The hybrid IM-MS instruments currently available do not have an ion activation mechanism in the ion source that can achieve enough energy to unfold larger biomolecules or de-cluster larger biomolecules. Many commercial mass spectrometers can be equipped with a capillary-skimmer interface that couple the atmospheric pressure ionization region of the ion source with the first vacuum region in the mass spectrometer to allow moderate ion activation. Such a simple capillary-skimmer interface cannot provide high enough energy for collisional activation or fragmentation of larger bio-molecules. The typical pressure in a capillary-skimmer interface is less than 1 Torr. At higher pressures, this simple capillary-skimmer interface cannot provide high enough collision energy before electrical discharge. Therefore, larger bio-molecules cannot be activated, fragmented or unfolded using a simple capillary-skimmer interface.

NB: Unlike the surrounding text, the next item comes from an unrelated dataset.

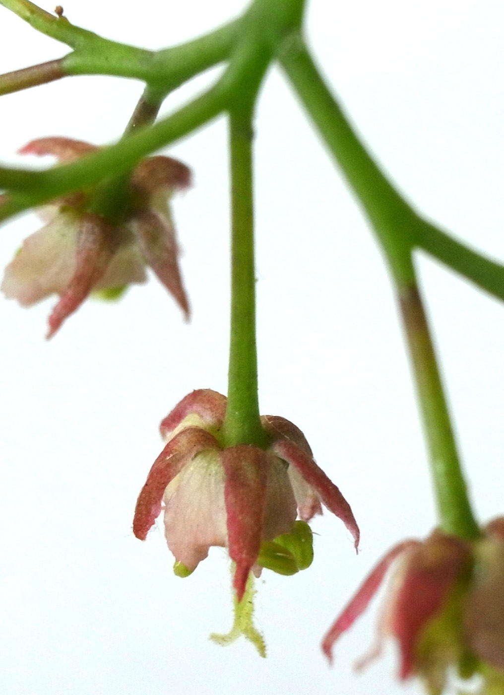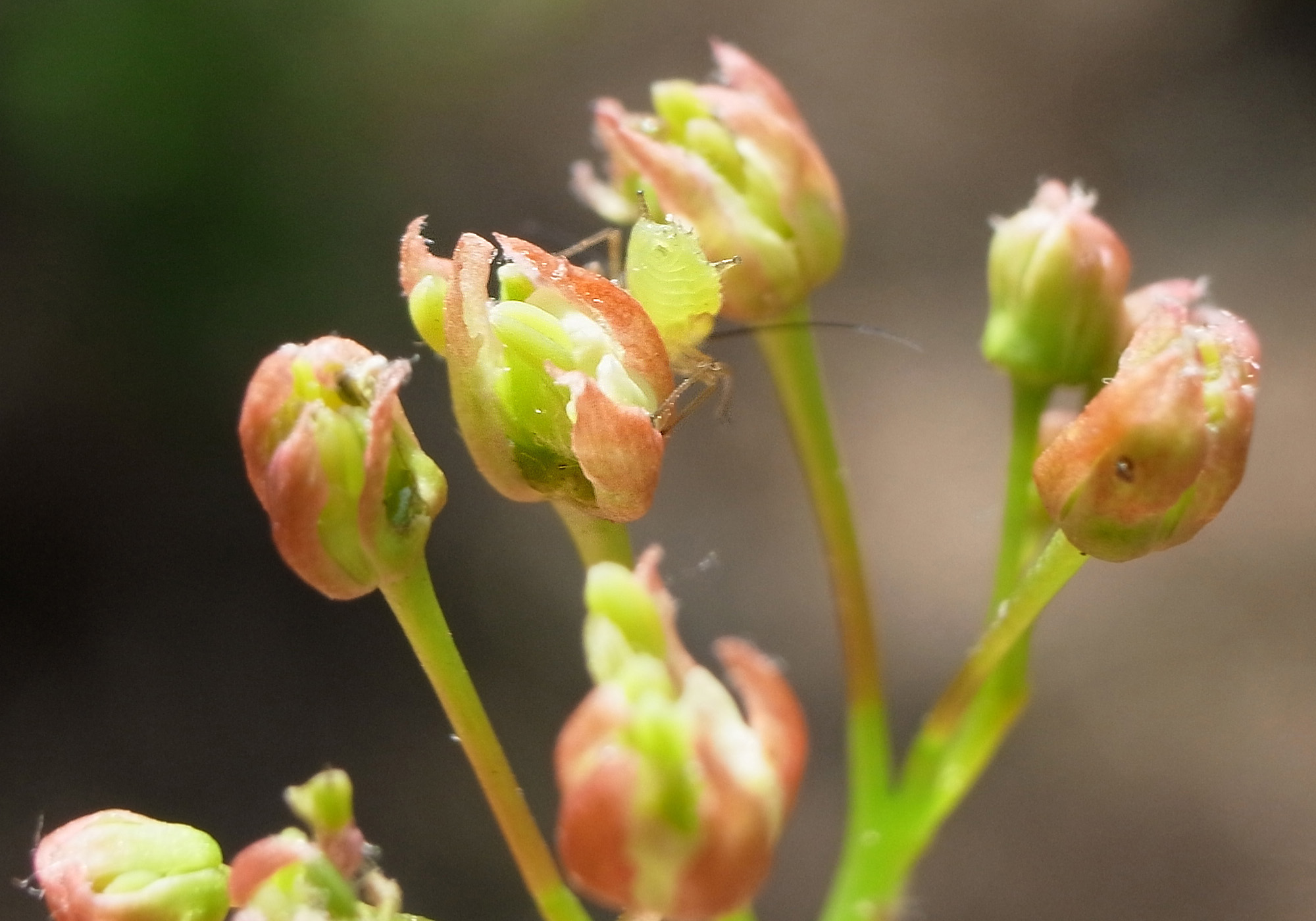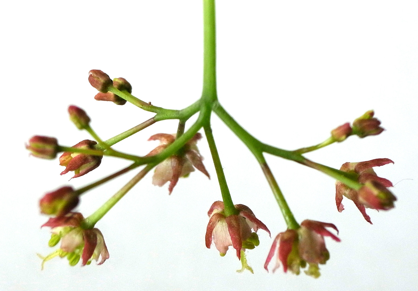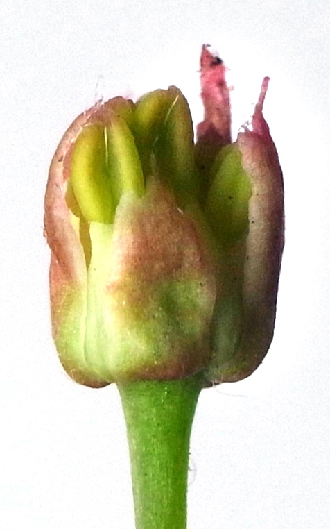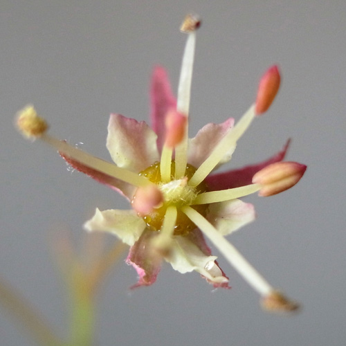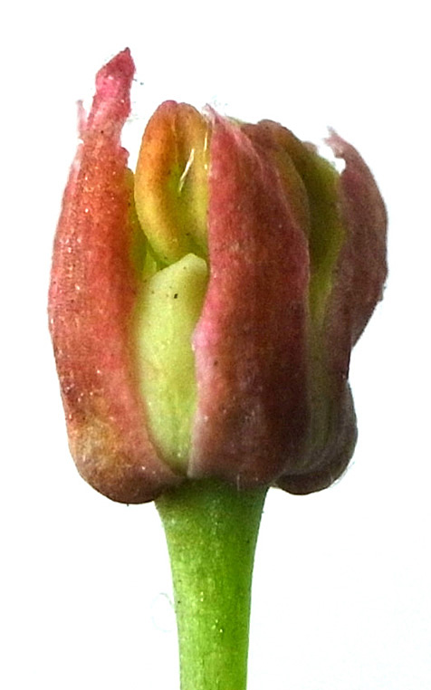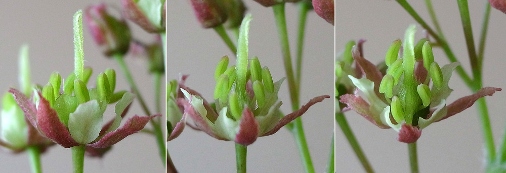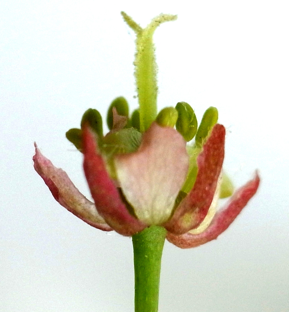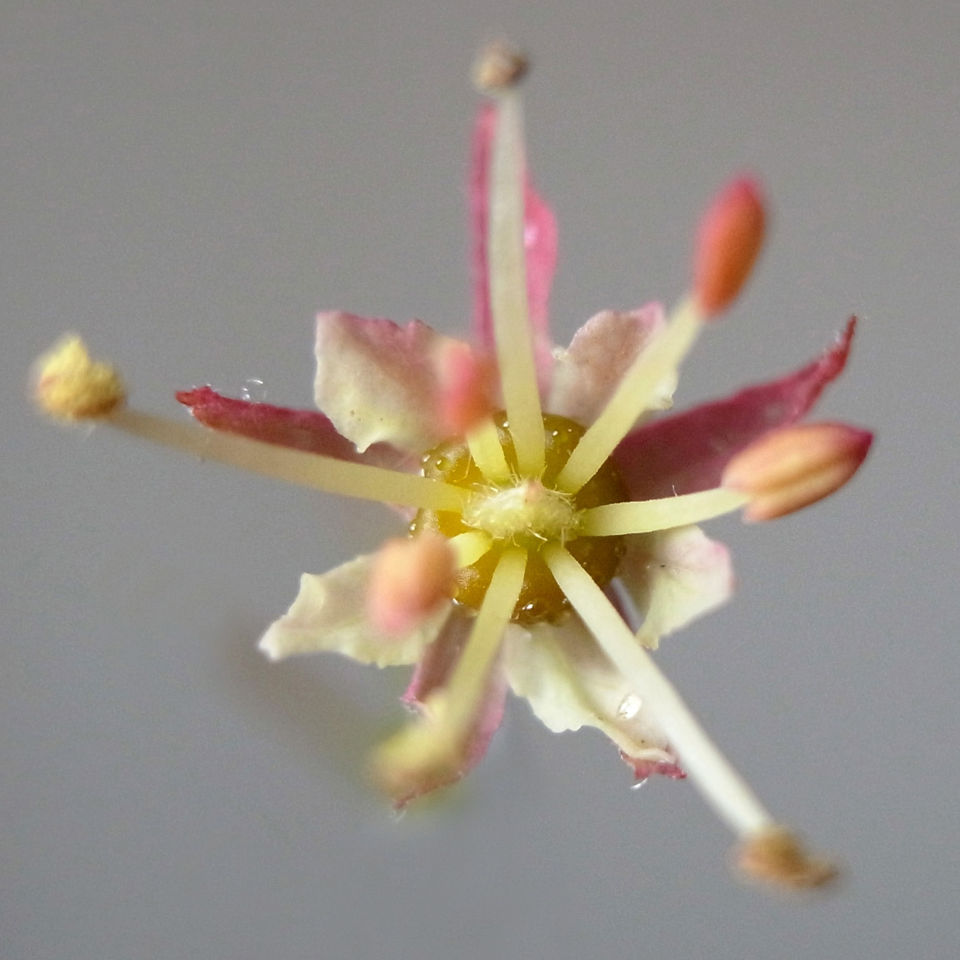 雌花 : 短い花糸をもつ雄しべが8本と,雌しべがある

Mass spectrometers that employ an ion funnel interface to couple the atmospheric pressure ionization region with the high vacuum region do not have a capillary-skimmer interface. Instead, the capillary is directly connected to a sub-atmospheric pressure region of the vacuum chamber containing the ion funnel apparatus. Here the capillary could be inline or orthogonal to the ion funnel axis. When the capillary is orthogonal to the ion funnel axis, an ion deflector plate is used to direct ions into the ion funnel. For a capillary-ion funnel interface it is even more difficult to achieve ion activation due to the high pressure at which ion funnels are operated as well as the mechanical design.
Therefore, there is a need for providing improved in-source ion activation, unfolding, and fragmentation in a high-pressure region of a mass spectrometer or other analytical device such as a stand-alone ion mobility spectrometer. There is also a need for providing improved desolvation and declustering of analyte ions prior to mass spectrometry analysis.